Ordering a defendant to pay the fee, His Honour Judge Lethem said he had “some sympathy” for the argument that it was wrong for defendants to obtain a “windfall” because the claimants had an exemption.

The court heard in Ivanov v Lubbe that Panayot Ivanov, whose had started his road traffic accident claim in the portal but later exited and issued part 7 proceedings, accepted a part 36 offer of £6,500.

Costs were agreed with the exception of the issue fee of £455. The defendant questioned his liability to pay the fee on the basis that Mr Ivanov “was, or may have been, entitled to fee remission” and it was not reasonable for him to have incurred the fee.

Mr Ivanov applied for an order that the defendant pay his court fee. District Judge Davies dismissed it, without considering the underlying issue as to whether the claimant should have taken steps to invoke the ‘Help with fees’ scheme.

HHJ Lethem, sitting at the Central London County Court, said the defendant had not made any distinction between case law based on fees and case law based on insurance.

“It follows that unless one can distinguish the insurance position from the fee remission position, then the rationale of the insurance-based cases would travel through to fee remission cases.”

As a result, the judge said it was “difficult to see why a logic that applies to a claimant who has alternative sources of funding”, whether from the state, from insurance or any other source should be different to a claimant with the right to an exemption from court fees.

HHJ Lethem said the “thrust of the case law” was that the claimant “has an election” as to who to recover from.

He agreed with counsel for the defendant that the burden of proof was on the claimant to show that it was not unreasonable to forego the fee remission scheme.

He said CPR 44.3 made it clear that “the burden of proof on a standard basis assessment lies on the receiving party to satisfy the court that the costs were reasonable and proportionate”, and that the court was assessing costs in deciding the fees issue.

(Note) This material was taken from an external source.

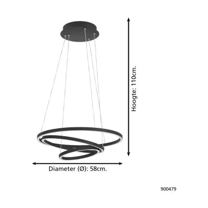 Eglo Pendant Lobinero-Z Aluminium Steel Black 40W 6100lm - 830-865 Tunable White | IP20 - Zigbee Dimmable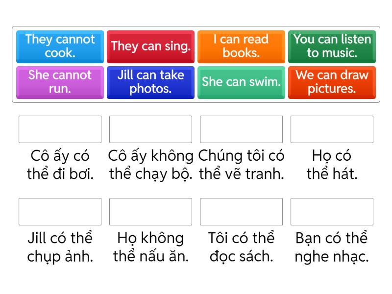 I can read books. - Tôi có thể đọc sách., I cannot watch TV. - Tôi không thể xem TV., You can listen to music. - Bạn có thể nghe nhạc., You cannot play games. - Bạn không thể chơi trò chơi., He can play football. - Anh ấy có thể chơi bóng đá., He cannot play badminton. - Anh ấy không thể chơi cầu lông., She can swim. - Cô ấy có thể đi bơi., She cannot run. - Cô ấy không thể chạy bộ., We can draw pictures. - Chúng tôi có thể vẽ tranh., We cannot dance. - Chúng tôi không thể nhảy múa., They can sing. - Họ có thể hát., They cannot cook. - Họ không thể nấu ăn., Alex can go fishing. - Alex có thể đi câu cá., Nick cannot go shopping. - Nick không thể đi mua sắm., Jill can take photos. - Jill có thể chụp ảnh.,

However, the judge agreed with counsel for the claimant that there was a loss where fee remission was used.

“The public purse is depleted by the amount that would otherwise have been paid.

“On this basis, there is less in the public purse to devote to the justice system as a whole. Thus, any suggestion that there is not loss where fee remission is utilised is misconceived.”

HHJ Lethem said counsel for the claimant was right to characterise the dispute as over who bore the loss – the public purse or the tortfeasor.

He said there was nothing in the fee remission scheme that “required its use” by an eligible claimant. “The wording of the scheme did not inevitably lead to the conclusion that it was reasonable to place the burden of the cost of the court fee on the state.”

The judge, who sits on the Civil Procedure Rule Committee, allowed the claimant’s appeal and ordered the defendant to pay the court fee.

    Readers Comments

  • Gary Stevens says:

    Great decision for Claimant solicitors. The right decision from a well respected previous Regional Costs Judge.